» INFORMATION PROVIDED
○ ○ ○ ○ ○
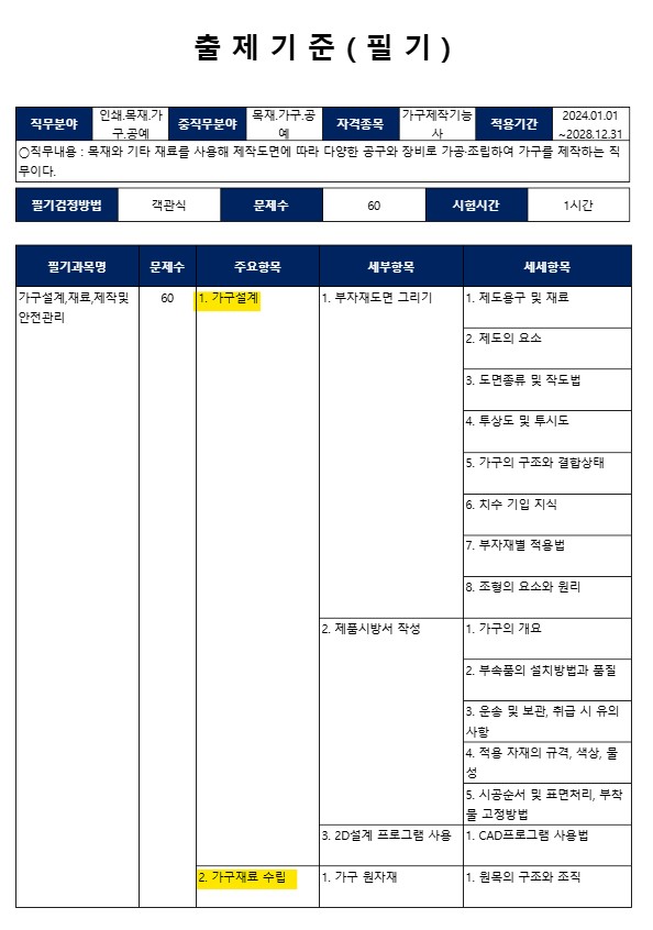 아래를 확인하시고 가구제작기능사 시험일정, 출제기준, 필기교재, 무료기출문제를 받아가시고 합격하시길 바랍니다
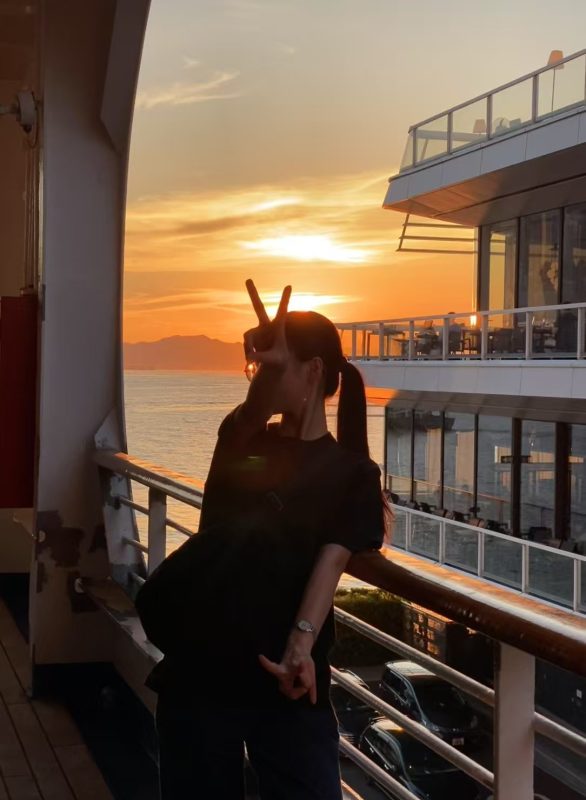 邮轮甲板看夕阳
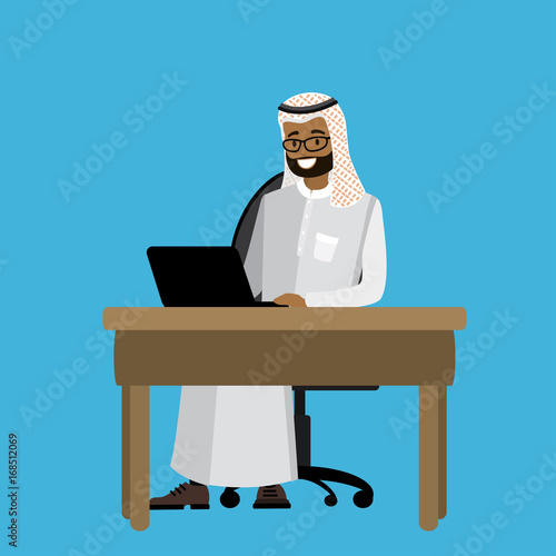 Arabic businessman working at a laptop
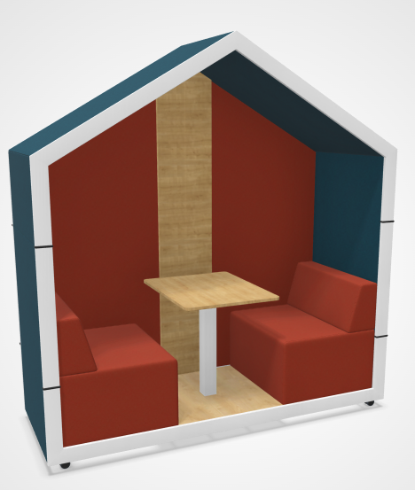 COTTAGE DUO "avec fond" revêtu de tissu avec table plateau blanc épaisseur 18mm, banquettes intégrées, murs intérieurs et extérieurs en tissu, L.210xP.78xH.228cm, 4 roulettes dont 2 avec frein
○ ○ ○ ○ ○
» YOUR GOAL
Give back the whole of the material exactly, with the pictures removed.

» SOLUTION TO THIS PROBLEM
 아래를 확인하시고 가구제작기능사 시험일정, 출제기준, 필기교재, 무료기출문제를 받아가시고 합격하시길 바랍니다
 邮轮甲板看夕阳
 Arabic businessman working at a laptop
 COTTAGE DUO "avec fond" revêtu de tissu avec table plateau blanc épaisseur 18mm, banquettes intégrées, murs intérieurs et extérieurs en tissu, L.210xP.78xH.228cm, 4 roulettes dont 2 avec frein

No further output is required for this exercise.